To resolve the aforementioned issues, the development of a new method to detect the internal quality of nuts is urgently needed. Recently, some scholars carried out research on the relationship between volatile compounds and the internal quality of nuts.7–9 Mexis10 and Abdallah11 have stated that the components, such as acids, alcohols, esters, and ketones, of sample gases will be changed as a result of changes in nut compositions. Normally, the sample gas escapes from the nuts through their microporous shells; considering that the unique odors of nuts are altered during rancidity, an electronic nose was introduced to detect the internal quality.12 An electronic nose (E-nose) is an instrument that analyzes samples by sensing the sample gases without complex preparation.13,14 A typical E-nose consists of several gas sensors that exhibit the characteristics of cross-sensitivity and a broad spectrum response. As a result, the electrical signal generated by an E-nose contains abundant and overlapping information about the test sample.15 Via multivariate statistical techniques and artificial neural networks, the electrical signal can be used to distinguish different samples or predict the indices of internal quality.16
To extract more useful information from the E-nose data, scholars have made some attempts to test the performances of different algorithms. Therein, artificial neural networks (ANNs) have shown great potential to build input–output relationships between complex nonlinear data obtained from the E-noses.17 Based on different architectures, transfer functions, and learning strategies, there are many types of ANNs. Among these, BPNN has received extensive attention because of its universal approximation capability.18 The work principle of BPNNs is to establish a model by learning and storing the mapping relations between the input and output.19 As a multilayer algorithm, a BPNN consists of an input layer, a hidden layer, and an output layer. During the modeling process, it is not necessary to define the mathematical equation between the input and output; this makes the operation of BPNNs very convenient. Thus, BPNNs have been widely applied in the fields of food safety and food detection.
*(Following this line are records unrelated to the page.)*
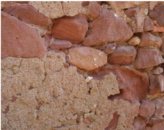
Figura 8: Detalle de fachada deteriorada de piedra con mortero tradicional en Villafamés (Castellón)

Los morteros tradicionales para proteger los muros, eran de espesores medios notables (aprox. 4 cm), ya que no sólo cubrían los elementos más salientes, sino que rellenaban los huecos e irregularidades que quedaban entre ellos y la capa base del revestimiento. Como se observa en las Figura 8 y la Figura 9, la desaparición de esta capa superficial deja a la vista un muro con elementos de piedra irregulares y sin labrar. El abandono de muchas edificaciones históricas ha dado lugar a que esta imagen deteriorada, lejana al aspecto tradicional e histórico, sea habitual en muchas de nuestras ciudades y pueblos.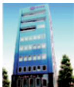
⑧東京支店 (西麻布ビル)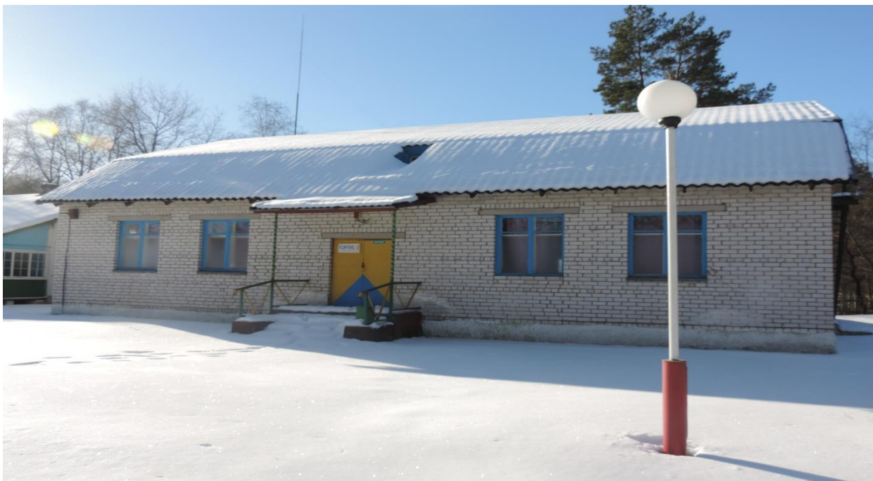
Здание специализированное физкультурно-оздоровительного и спортивного назначения, корпус № 3, 231/С-8952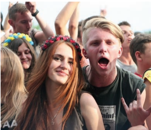
Найемоцінніша пора для фестивалю розпочалася після п'ятої, коли на сцені з'являлися музиканти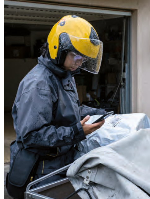
^ L'impiegata in logistica usa il suo scanner per segnalare che il pacco non è stato consegnato.

Il carico di lavoro varia notevolmente a seconda della stagione. «A novembre e dicembre, ad esempio, con il Black Friday e le festività di fine anno, distribuiamo molti pacchi. In estate, invece, il ritmo è più tranquillo e la mia giornata spesso finisce nel primo pomeriggio», precisa la giovane, che lavora anche due sabati al mese.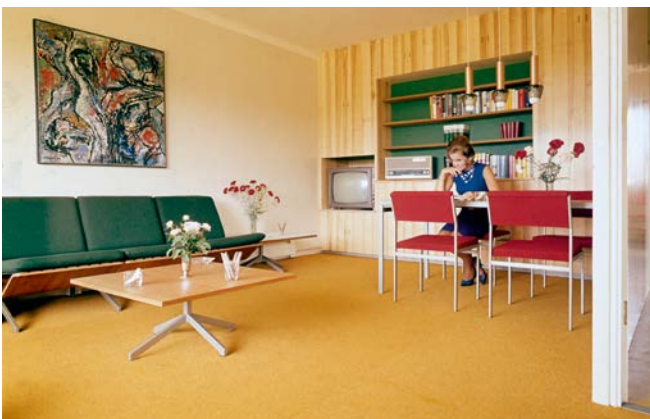
De woonkamer van het Fokkerhuis uit 1964

Het uit 1908 stammende zwarte bakeliet van schakelaars, deurlinken en radio's kreeg concurrentie van een uitgebreid assortiment plastics in de vrolijkste kleuren. Tupperware werd in 1945 ontwikkeld in de Verenigde Staten. De firma breidde in de jaren zestig haar activiteiten uit naar Europa en vervolgens over de rest van de wereld. Van de nieuwe, onderhoudsarme kunststoffen werden niet alleen opbergbakjes voor het luchtdicht bewaren van voedsel vervaardigd, maar het werd ook toegepast in meubels, toestellen, kunst en decoratie. Door dit makkelijk te vervormen en bewerken materiaal konden ontwerpers hun fantasie de vrije loop laten. In 1960 ontwierp de Deen Verner Panton het eerste, volledig uit plastic vervaardigde meubel. Deze Panton-stoel of S-chair bestaat uit een vloeiend gebogen stuk plastic.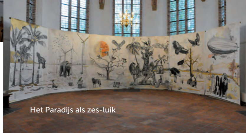
Het Paradijs als zes-luik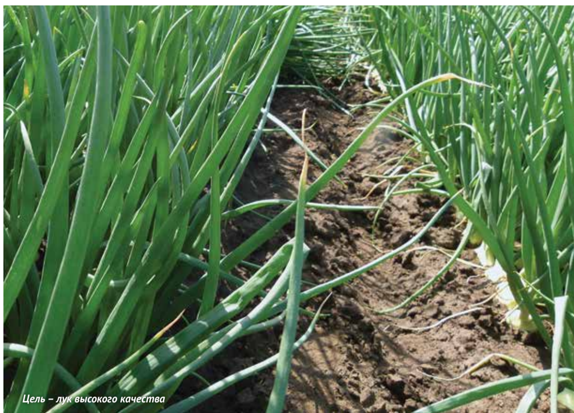
Цель – лук высокого качества

Несмотря на наши региональные хозяйственные особенности (высокая насыщенность культурами, отсутствие пространственной изоляции), нужно стараться выдерживать севообороты и вводить в них пары, желательны занятые сидератами.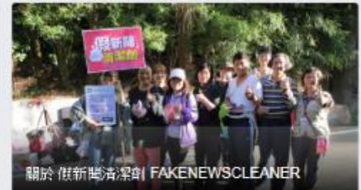
關於 假新聞清潔劑 FAKENEWSCLEANER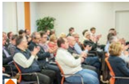
Anerkennender Applaus für unsere Gastreferenten

Nach einer ebenfalls positiven Bewertung der Veranstaltung durch unseren Firmenkundenbeirat - auf dessen Initiative das Angebot entwickelt wurde - halten wir bereits Ausschau nach geeigneten Themen für eine Folgeveranstaltung. Gerne lassen wir uns dabei auch durch Ihre Anregungen unterstützen.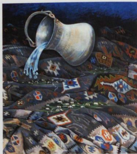
Zülmətdən doğan işıq. Kətan y.boyu, 120x120, 2018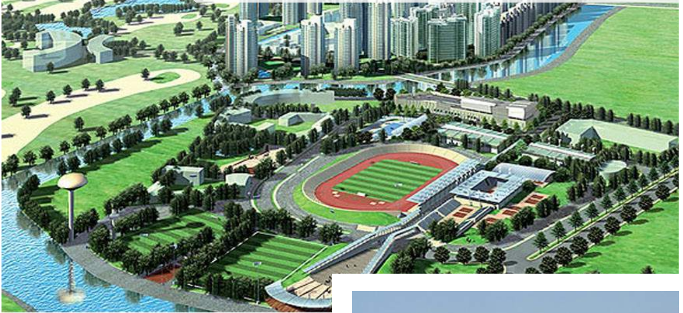
Phối cảnh sân vận động và Khu liên hợp thể thao Rạch Chiếc

N gay sau SEA Games 29, TP.HCM tiếp tục khẩn trương xúc tiến những công việc quan trọng liên quan đến đề án đăng cai SEA Games 31 năm 2021 để Chính phủ có thể sớm phê duyệt.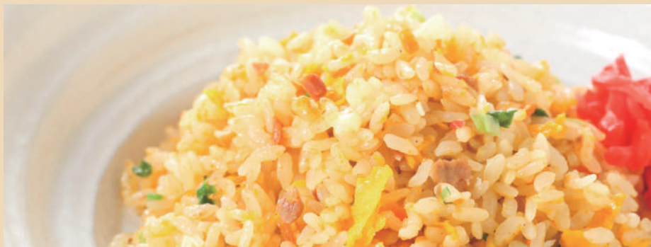
本格炒めチャーハン ミニサラダ付き ¥630(税込)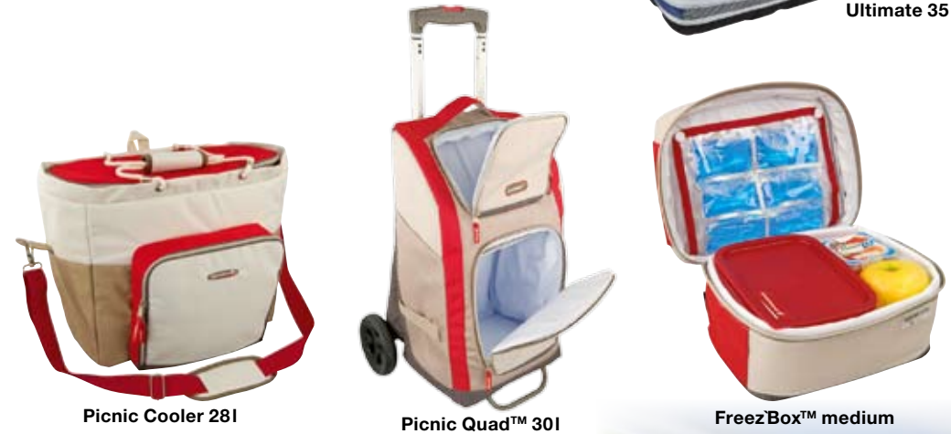
Picnic Cooler 28l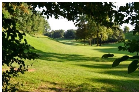
Il Campo di Golf di Barzana

Nel piazzale scendiamo verso il Sentiero del Golf e si procede a destra percorrendolo in direzione nord-ovest, con ampie visioni dei campi nell'interessante bosco di querce.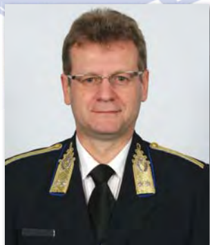
Samu István r. vezérőrnagy rendészeti főigazgató az országos rendőrfőkapitány helyettese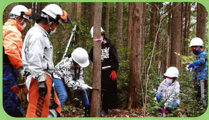
緑の少年団活動(間伐体験)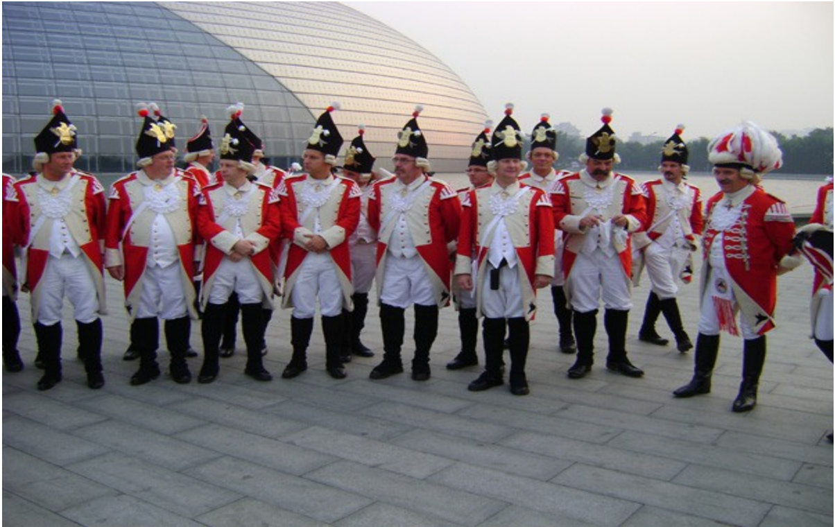
(vor dem Grand National Theater Peking)

Dort hatten wir einen gemeinsamen großen Auftritt als Vertreter der Stadt Köln vor Persönlichkeiten aus Politik und Wirtschaft sowie hohen chinesischen Würdenträger im Grand National Theater. Der krönende Abschluss in Peking war unser Auftritt in roter Uniform und das Galaessen auf der chinesischen Mauer am „Yu Yong Pass“ mit einem anschließenden Live-Konzert der Hühner. Das hatte es noch nie zuvor in China gegeben. Zwecks Erholung von den Strapazen führte uns die nächste Etappe für ein paar Tage auf die chinesische Insel Hainan nach Sanya. Dort ließen wir uns nach allen Regeln der Kunst verwöhnen und gaben unser inzwischen berühmt gewordenes „Strandkonzert“ zum Besten. Wir sagen an dieser Stelle den Roten Funken danke für diese schöne und unvergessene Reise.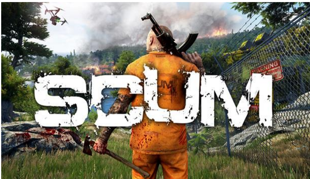
Slika 12. Početni zaslon hrvatske videoigre „SCUM “ [22]

Industrija videoigara u Hrvatskoj je također, kao i u svijetu, jedna od najbrže rastućih industrija. Sam razvoj industrije videoigara u Hrvatskoj započeo je nešto kasnije nego u svijetu, te do sada postoji otprilike 37 godina, što znači da se u Hrvatskoj počela razvijati oko 1985. godine. Prva komercijalna igra koja je nastala u Hrvatskoj bila je „Vruće ljetovanje“, a izdala ju je hrvatska softverska izdavačka kuća Suzy Soft 1985. godine. Pravi početak razvitka industrije se zapravo počeo događati 1993. godine kada je tvrtka Croteam postala pravi studio za razvoj računalnih igara. Croteam je svojim napornim trudom i radom 2001. godine izdao videoigru „ Serious Sam: The First Encounter “ koja je postala popularna, te su od nje odlučili napraviti franšizu, a zadnja serija ove videoigre izdana je 2020. godine. Također, tvrtka koju je bitno za spomenuti je tvrtka Gamepires koja je 2018. godine izdala videoigru „SCUM“, te je ta videoigra jedan od najvećih uspjeha ove industrije na području Hrvatske. [21] Naravno, ovo nisu jedine tvrtke koje su zaslužne za probijanje Hrvatske na tržište industrije videoigara. U Hrvatskoj postoji preko 50 poduzeća i start-up poduzeća koja se bave razvojem videoigara, a za uspjeh mnogih od ovih poduzeća, te trenutni i budući razvoj, zaslužan je inkubator PISMO koji se nalazi u Novskoj.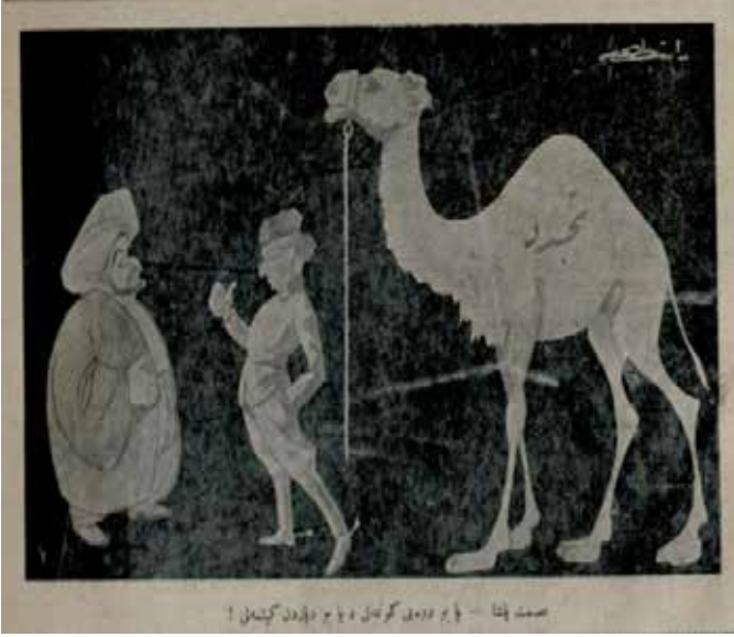
Resim 2: İsmet Paşa; Ya bu deveyi gütmeli, ya bu diyardan gitmeli !

Kaynak: Akbaba, 9 Mart 1341, Sayı:236, s.2.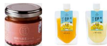
「殻絞り海老ソース」・「伊豆柑橘ゼリー」 柑橘ゼリーは新たに2品種加わりパワーアップ!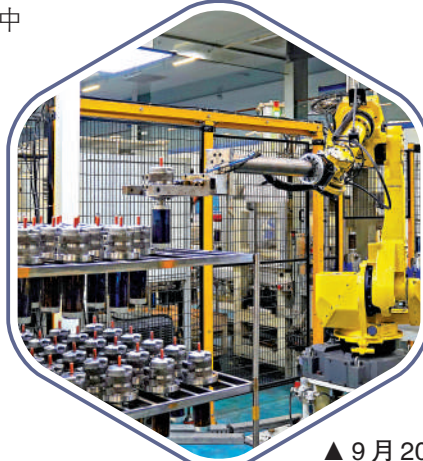
▲9月20日，在南昌經濟技術開發區一家企業智能工廠內，機器人在作業。

「再工業化」的關鍵是數碼轉型，善用數碼科技，協助企業創優增值，踏出「再工業化」的第一步。如建設智能工廠發展，在物聯網上打通系統與人、人與人之間的實時交流與合作渠道；所有文件電子化，業務通過電子形式進行，整套工序通過遙距形式進行，使營運更具效率。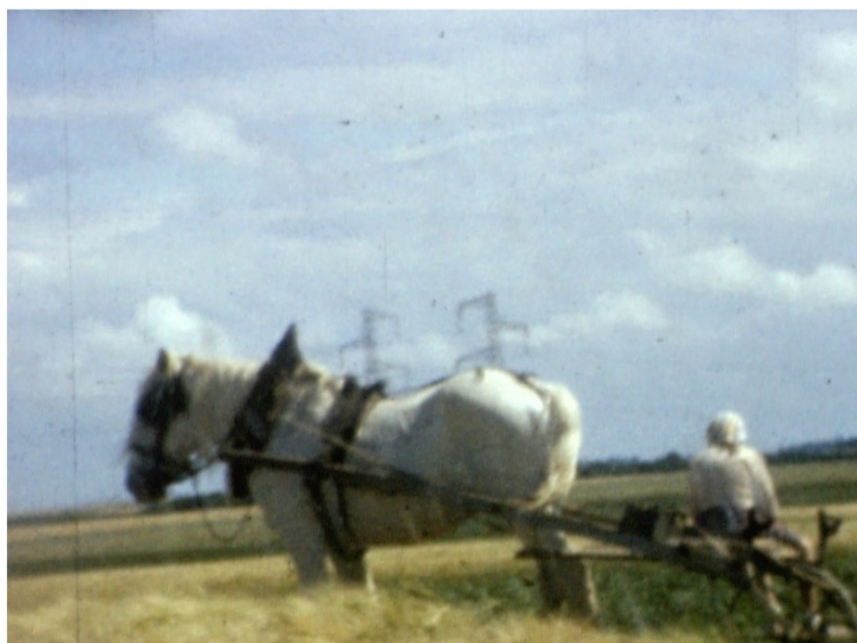
Mérobert, vers 1960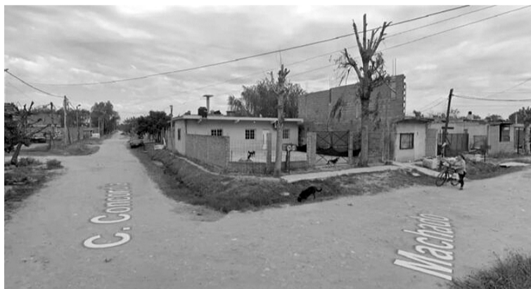
El hecho ocurrió en una vivienda en Machado y Concordia de Virrey del Pino.

Mientras un tercer sospechoso esperaba al volante del Peugeot 208 en el que se movilizaban los delin-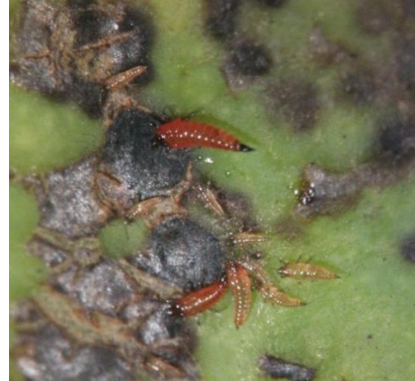
圖 8、幼蟲偏好生活於傷口腐爛處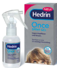
Hedrin® Once Spray Gel, 60 ml Ausreichend für 2 Anwendungen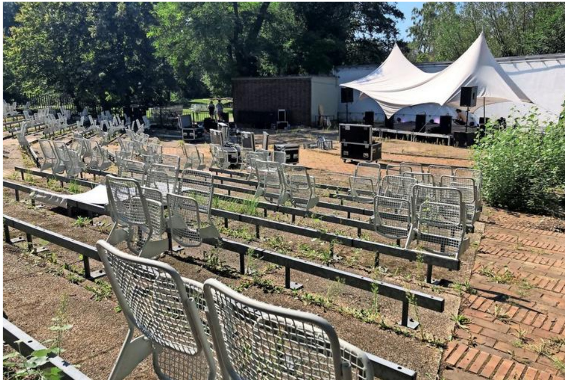
Beim Localize-Festival im August 2019 wurden einige der weißen Stühle noch einmal angeschraubt.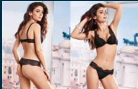
42 - ASPIDE / ASPIDE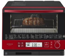
メタリックレッド(R)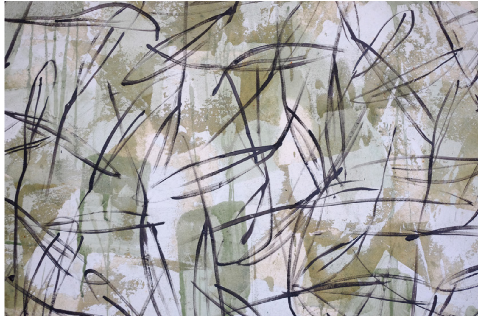
Détail: Le jardin de ma Grand-Mère, 2023, techniques mixtes sur toile 210 cm x 180 cm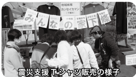
震災支援 Tシャツ販売の様子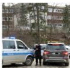
Policja szybko zatrzymała sprawców napadu.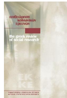
Avrami L. (2019) ‘Les inégalités socio-économiques et environnementales entre les régions des pays européens en période de crise économique’ [en grec] FREE ACCESS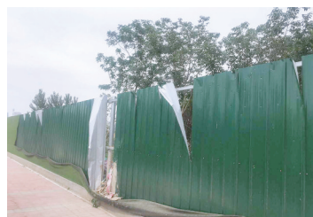
龙源办事处 龙源十街

整改措施:针对存在的这些问题办事处已经联系相关部门进行整改;联系交警部门对机动车和非机动车乱停乱放的问题进行整治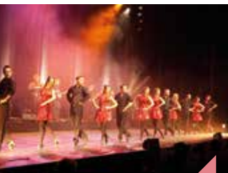
Avalon Celtic Dances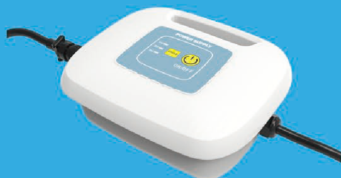
Control box Boîtier d'alimentation

3 working cycles: 1/2/3h 3 cycles de nettoyage: 1/2/3h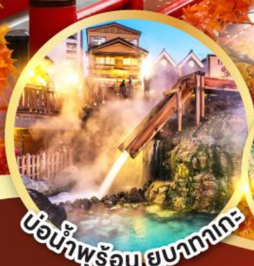
บ่อน้ำพุร้อน ยูซากาตะ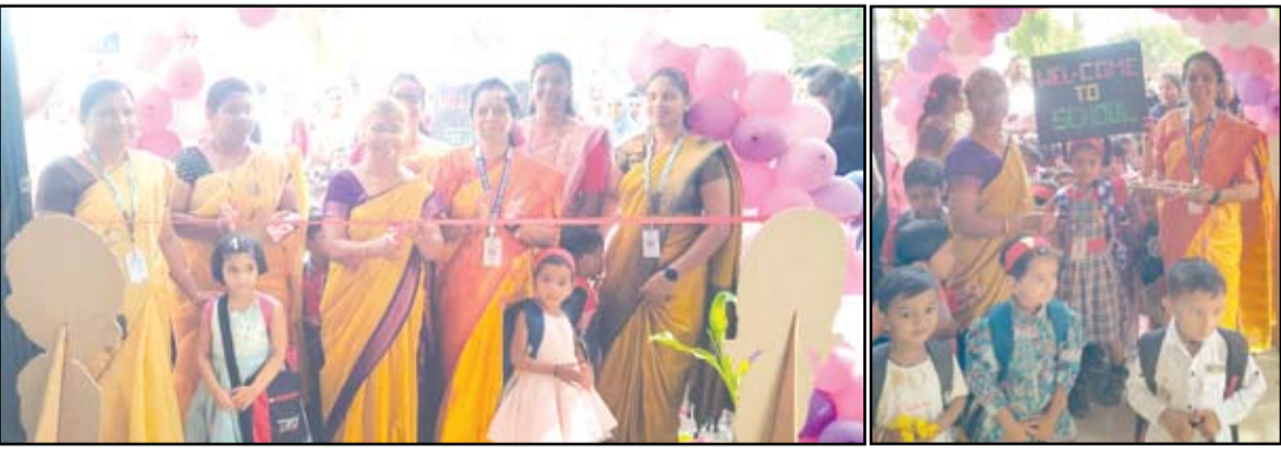
अहमदनगर एज्युकेशन सोसायटीच्या पूर्व प्राथमिक वर्ग किशोर संस्कृत संवर्धिनी विभागातील मुलांचा शाळेचा पहिला दिवस साजरा करण्यात आला.

नगर - अहमदनगर एज्युकेशन सोसायटीच्या पूर्व प्राथमिक वर्ग किशोर संस्कृत संवर्धिनी विभागातील मुलांचा शाळेचा पहिला दिवस १५ जून रोजी (प्रवेशोत्सव) साजरा करण्यात आला. पारंपारिक पध्दतीने आंब्याच्या पानांचे तोरण रांगोळी काढून तसेच विविध शैक्षणिक साधन यांनी वर्ग सजवले गेले. मुलांचे औक्षण करून व रिबिन कट करून उद्घाटन करण्यात आले. त्याचबरोबर शिक्षकांचेही औक्षण करण्यात आले. शिक्षकांनी आपापल्या वर्गातील फळक लेखन अतिशय सुंदर केले. प्रार्थना, राष्ट्रगीत व प्रतिज्ञा घेण्यात आली. छोट्या गटातील व मोठ्या गटातील मुले उपस्थित होते. छोट्या गटाची मुले लहान असल्यामुळे सुरुवातीला रडत होती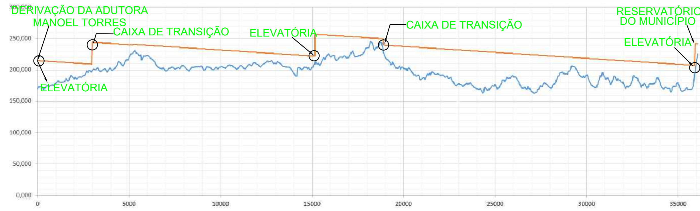
TUBULAÇÃO LINHA DE CARGA EFETIVA OU PIEZOMÉTRICA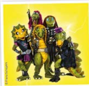
Sonntag, 15.09. HEAVYSAURUS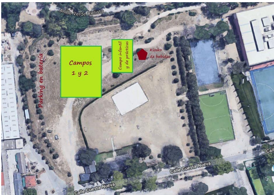
Fig. 1 – Campos de cróquet: Ubicación orientativa

El siguiente croquis, meramente ilustrativo, muestra la ubicación que proponemos. No se trata de un mapa a escala, y así debe ser interpretado.

Many studies have been reported on the application of BPNN algorithms to deal with the E-nose data obtained from the detection of food products such as meat,20 fruit,21 rice,22 egg,23 and tea.24
Upon summarizing the abovementioned studies, a conclusion can be made that BPNN was just used to build the regression model to predict a single index. However, during the spoilage of food, changes in internal compositions will cause changes in many evaluation indices. Moreover, all these indices reflect the internal quality to a certain extent. Therefore, it becomes significantly important to determine these indices rapidly and precisely. Nowadays, most commonly used algorithms, such as PLSR, MLR, and SVM, can only be used to build single-variable prediction models.25 Compared to these algorithms, BPNN has a special characteristic: its architecture (the number of layers and nodes) can be designed; this means that the number of nodes (objective variables) in the output layers can be greater than one. Thus, multi-target prediction models can be established based on the BPNN algorithm. The applications of multi-target prediction models have been proved in other fields such as materials processing and welding processes.26,27
To verify the feasibility of multi-target models in the food detection field, a BPNN was applied to analyze the E-nose data of Chinese pecans. Detailed information about Chinese pecans has been provided in previous studies, and the literature proved that it is possible to discriminate between different pecan samples and predict their internal quality based on the E-nose signals.16 The main objectives of this study are as follows: (1) to characterize pecans with different storage times using an E-nose and to determine their fatty acid profiles by GC-MS; (2) to qualitatively and quantitatively analyze the E-nose data based on the PLSR and BPNN algorithms; and (3) to compare the performance of a multi-target BPNN model with that of currently popular methods according to the determination coefficient (R2), root mean square error (RMSE), and relative standard deviation (RSD).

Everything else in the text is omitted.